Talvez a razão principal porque não percebemos o processo do se conscientizar seja porque nos deixamos facilmente levar pelo conteúdo da conscientização, ou seja, ficamos preocupados com o que pensamos, sentimos e vivenciamos. Normalmente, a vida diária envolve desvendar nossa compreensão daquilo que ficamos conscientes, o conteúdo dos nossos pensamentos e da nossa percepção. Uma parte importante da prática buddhista implica estar consciente da outra metade da percepção, ou seja, a conscientização receptiva em si mesma. Tornar-se consciente de sua própria consciência é uma capacidade que todos temos. A meditação oferece uma oportunidade poderosa de descobrir e descansar em um modo receptivo de compreensão.
Conscientização receptiva é muito próxima da ideia de uma consciência que testemunha. Meditantes iniciantes geralmente deduzem que nossa habilidade de testemunhar significa que há alguém que está testemunhando; um agente ou sujeito específico, único e duradouro dentro de nós que é a testemunha. Temos a forte tendência de dicotomizar nosso mundo, especialmente entre o percebido e o percebedor. Da mesma forma, frequentemente fazemos distinção entre aquele que age e a ação: sou o agente e estou fazendo alguma coisa, sou o falante que está falando. A maioria de nós aceita a ideia de que há um percebedor ou um agente simplesmente pelo senso comum. O Buddhismo desafia essa suposição.
Essas dicotomias são o pilar da forte construção do eu. Tão logo exista um percebedor, existe o conceito de eu, o que se torna um imã para todos os tipos de ideias culturalmente condicionadas sobre o que seria esse eu. Nosso senso de eu pode estar dolorosa e restritamente relacionado a ideias sobre o que vale a pena, o que é bom, e pelo que requer o mundo que nos cerca.
As emoções podem surgir diretamente do modo como concebemos o nosso “eu”. Se a nossa autoimagem for ameaçada, podemos facilmente ficar com raiva ou com medo. A culpa pode ser um resultado de relacionar a nossa autoimagem a ideias de bem e mal, certo e errado. Tanto elogios quanto críticas podem nos energizar quando afetam o modo como nos definimos e nos representamos. E, quando o nosso senso de “eu” não é reforçado nem ameaçado, algumas pessoas se entediam… se entendiam com quem elas são ou com a situação.

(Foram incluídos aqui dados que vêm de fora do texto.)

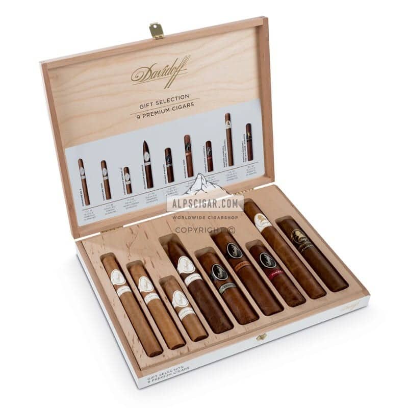 Alpscigar vous propose soit pour les Fêtes de fin d’année soit tout simplement pour faire plaisir. Un magnifique coffret Davidoff Gift Premium Selection 9’S, uniquement disponible en Europe, contenant les cigares les plus vendus de Davidoff, aux mélanges d’arômes uniques de la marque.

Descansar na conscientização receptiva é um antídoto para nossos esforços de construir e defender um eu. À medida que essa capacidade se desenvolve e começamos a confiar nela, a suposição de que há “alguém que está ciente” cai por terra. A auto-consciência também cai por terra. Às vezes, isso é chamado de uma experiência de consciência não-dualista: as distinções entre o eu e outro, dentro e fora, percebedor e percebido desaparecem. Não há ninguém que esteja consciente; só há consciência e experiência acontecendo dentro da consciência.
Parte do que aprendemos a fazer na prática é acalmar a nossa atenção, desenvolver uma conscientização simples, receptiva. Nós não estamos necessariamente a abandonar o mundo das ideias ou até mesmo a ideia de “eu”. Em vez disso, aprendemos a manter as nossas vidas, as nossas ideias e nós mesmos com um ânimo leve. Permanecemos numa esfera de conscientização espaçosa e compassiva que sabe, mas não está apegada. Desta maneira, a nossa resposta à vida pode surgir a partir de nossa experiência direta, em vez de a partir das nossas ideias abstratas e apegos.